Ancak 2023 yılında İran ve Suudi Arabistan, Çin’in arabuluculuğunda resmi bir uzlaşma ilan ettiler. Bu tarihe kadar Veliaht Prens Muhammed’in dış politika önceliği, bölgesel çatışmaların yatıştırılmasına odaklanmıştı.
Suudi Arabistan, ABD’nin önemli bir müttefiki olmasına rağmen, İran’ın ABD çıkarlarına yönelik saldırılarda doğrudan hedef olma riski ile karşı karşıya. Coğrafi yakınlık, İran’a bağlı grupların Suudi hedeflerine saldırmalarını kolaylaştırmaktadır.

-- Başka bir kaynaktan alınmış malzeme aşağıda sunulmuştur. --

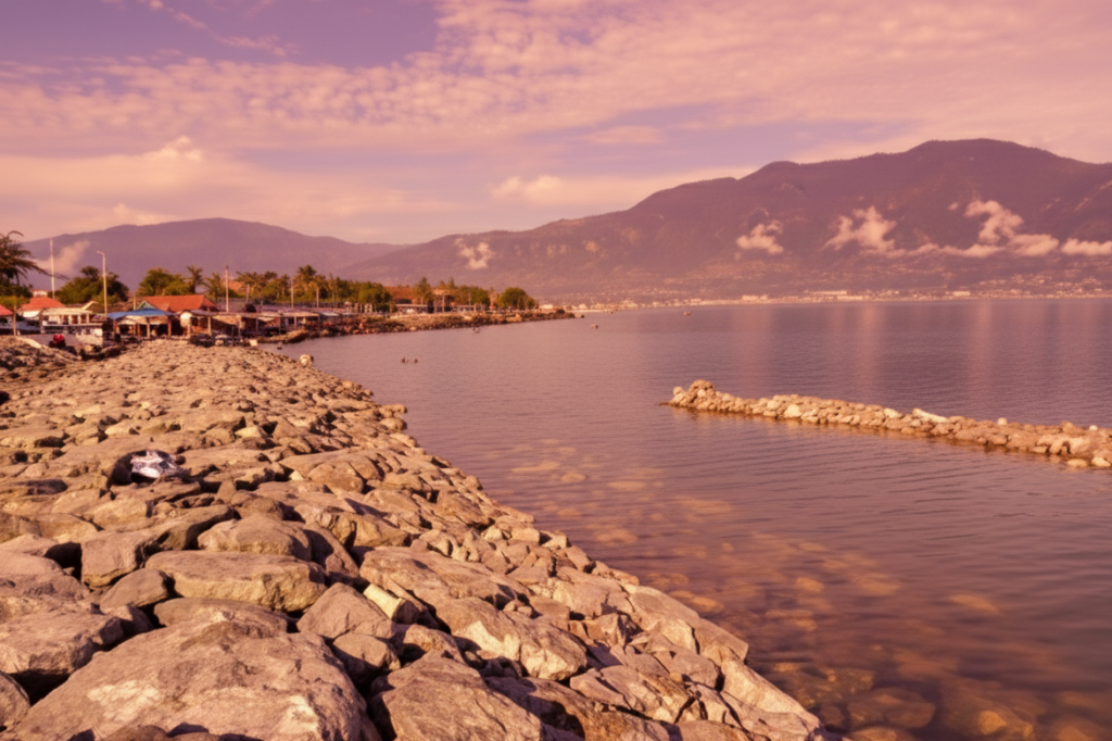 Deskripsi Menarik: Terletak tepat di jantung Kota Palu, Pantai Talise menawarkan pemandangan pegunungan yang mengelilingi Teluk Palu. Setelah masa pemulihan pasca-tsunami 2018, kawasan ini kembali menjadi pusat aktivitas warga untuk bersantai, berolahraga, dan menikmati angin laut. Keunikan utamanya adalah garis pantai yang sejajar dengan jalan raya utama, menjadikannya tempat nongkrong paling populer di kota.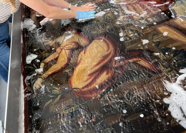 The tapestry was then alternated between face up and face down so that both the back and front are cleaned equally. The surface was worked over with sponges each time to help dirt particulates be released from the wool and silk fibres.

2019 yılında, Suudi Arabistan’ın kritik bir petrol tesisine yönelik olarak İran destekli bir operasyon düzenlenmişti. Suudi yetkililer, bu olayın ABD ile olan ittifaklarının sınırlarını ortaya koyduğunu ve bu nedenle İran ile diyalogu tercih ettiklerini belirtiyorlar.
Kristin Smith Diwan, “Bugün müzakerelerin potansiyel sonuçları, bölgesel bir savaş riskinden daha çekici görünmekte” açıklamasında bulundu.
On yıl önce Körfez liderleri müzakerelerde dışlanmış hissetseler de bu kez İran, bölgesel ilişkilere daha fazla önem veriyor. Chatham House Orta Doğu ve Kuzey Afrika Programı Direktörü Sanam Vakil, “İlk tur müzakerelerin ardından İran Dışişleri Bakanı, Bahreyn dahil olmak üzere bölgedeki mevkidaşlarıyla iletişim kurdu. İran, bölgesel destek arıyor ve Körfez ülkeleri, müzakereleri desteklemekle birlikte, ekonomik ve ulusal güvenlik çıkarları için herhangi bir gerilimden kaçınmayı amaçlıyor” ifadelerini kullandı.